The best part of an online technical-support forum is that it lets users cut through the marketing noise and find out what works and what doesn't. If the Turbo feature doesn't work, letting customer post public messages about their problems with it will make the fact undeniably evident. On the other hand, customers can often find a fix by comparing notes, discovering that Turbo mode works fine with some video cards--the sort of solution that would have taken the in-house staff weeks to discover.
And yes, as marketing people will worry: Competitors will snoop. It's a fact of life.
Nonetheless, you can reassure marketing that online support is cost effective (on both per-call and time-based employee utilization). Customers are more satisfied, because they have no hold time or long-distance charges. Forums provide a "paper" message trail for problems that require several tries at a solution, and it has easy management supervision. A junior tech, with backstage help, can do the work of a tech-support manager, and users who help each other don't require any staff intervention.
But from the sysop point of view, you must give users a reason to prefer this low-cost channel to the phone.
Sysop Frank Haber points out, "What most companies don't appreciate is that a Forum is much more than a line of customers asking questions in isolation from each other. It's an interactive environment. Inevitably, experienced users will chime in with their own angle on a problem. Whether you want it or not, there will be discussions of competitive products, even comparisons. There's no reason to be frightened of this; correctly handled, such discussions can be real assets to the company. The key is to have sufficient staff to be able to respond quickly and intelligently, even if an answer isn't fully ready at that instant. The customer must feel that his problem is being handled speedily and well."
Technical-support forums usually have one staff member who's dedicated to the job, at least on a dependably erratic basis (such as reliably checking for messages three times a day). This is an excellent role for an off-site staffer or a reseller/consultant who knows the product line well, as long as there's quick response from on-site company personnel.
Most online technical-support forums also find it advantageous to appoint a "volunteer team" of company friends. Borland started the practice several years ago with "Team Borland." Team members are unpaid but are given special recognition in other ways. These people would typically be in the forum anyway, as dedicated users who like and depend on the product. Team members get liberal free product, plus the occasional T-shirt and access to company insiders. More importantly to the team members, the role carries prestige in the online world, and in certain segments of the corporate world.
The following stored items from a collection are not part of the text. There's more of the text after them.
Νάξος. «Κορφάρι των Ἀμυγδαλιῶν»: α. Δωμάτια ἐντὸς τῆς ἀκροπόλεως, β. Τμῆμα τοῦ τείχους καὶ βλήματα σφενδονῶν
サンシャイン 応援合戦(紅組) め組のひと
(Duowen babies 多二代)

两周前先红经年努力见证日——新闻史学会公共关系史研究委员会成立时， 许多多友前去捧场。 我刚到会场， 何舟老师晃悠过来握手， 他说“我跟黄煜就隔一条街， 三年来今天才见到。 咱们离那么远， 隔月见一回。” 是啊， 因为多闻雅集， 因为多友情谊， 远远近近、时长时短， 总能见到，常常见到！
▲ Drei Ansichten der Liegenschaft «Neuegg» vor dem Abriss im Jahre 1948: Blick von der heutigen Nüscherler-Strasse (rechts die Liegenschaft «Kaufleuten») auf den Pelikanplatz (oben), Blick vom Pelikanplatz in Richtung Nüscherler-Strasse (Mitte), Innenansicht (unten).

Haber adds, "In the 'tech support' genre, it helps to have a staff with the technical depth to assist users as much as possible, but there's more to it than just raw knowledge. The most important quality for staffers is humility: the ability to keep in mind that there is no such thing as a stupid question. In those cases where you're not sure of a solution or just plain have no idea what the solution is, have the honesty to say so." A staff honest enough to admit that they don't know all of the answers all of the time will encourage those in the community that do know the answers to come forward and participate.
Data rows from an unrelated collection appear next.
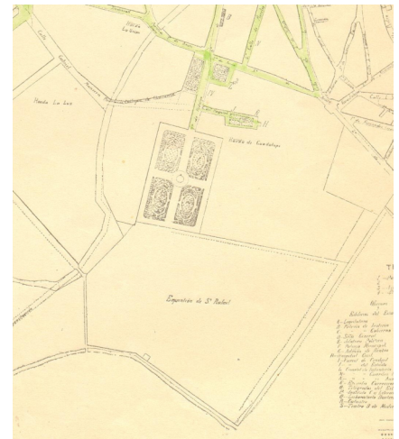
Detalle de un plano de Pachuca levantado en 1907 por disposición del presidente municipal Alfonso M. Brito. Se aprecia que el futuro parque Porfirio Díaz con su configuración rectangular actual.

de la huerta por no haber concretado la construcción del paseo público. Fue entonces que el ejecutivo estatal inició ante el gobierno federal los trámites correspondientes para recuperarlo y tomar en sus manos el fallido proyecto del ayuntamiento. La petición fue concedida alrededor del año 1899, con la condición de realizarlo en el término de dos años, so pena de cancelar la cesión del predio. Sin embargo, las obras no comenzaron de inmediato y el ejecutivo estatal solicitó prórrogas en repetidas ocasiones, argumentando carecer de los recursos económicos necesarios para la obra. Carecemos de información acerca de obras realizadas en el predio de la huerta durante los primeros años del siglo XX, obras que configuraron el diseño que logra apreciarse en el plano de Pachuca del año 1907, diseño muy diferente al que se observa en el plano de 1892. En este plano de 1907, levantado durante la presidencia municipal de Alfonso N. Brito, el parque tenía una configuración rectangular con eje norte sur y delimitado por bardas; se observan calles en sus cuatro costados, así como calzadas que le dividen en cuatro cuadrantes de jardín atravesados por andadores, con un diseño muy semejante al que actualmente tiene. Hay que anotar que el parque aparece sin nombre.
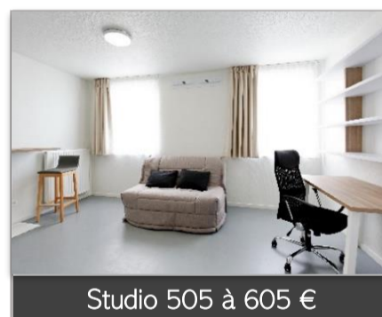
Studio 505 à 605 €
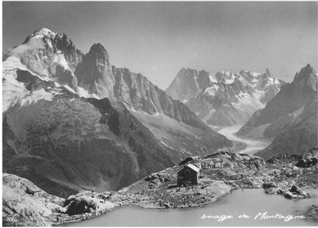
Image de Montagne
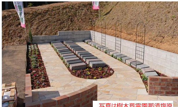
写真は樹木葬霊園那須塩原

A good support staff also has the wisdom to listen to what the membership says and be open to learning new things from the "rank and file" instead of acting only as a source of information. Haber insists, "A good sysop does far more than just give people the right answers. In the sense of the community as a whole, I'd even go as far as to say that 'providing answers' is perhaps the least important of the tasks a sysop performs."
If the marketing department does pay attention, the user feedback can provide tremendous feedback about what's important to customers. Many years ago, WordPerfect Corp. essentially designed WordPerfect 5.1 online. Top executive Pete Petersen dribbled out plans for feature enhancements and asked the community, "Is this what you'd like? Or should we do it another way?" Not only did the software reflect what end users wanted (and the product's success showed it), but the company also generated unmatched customer loyalty, because Pete made it clear to each user that his opinions mattered.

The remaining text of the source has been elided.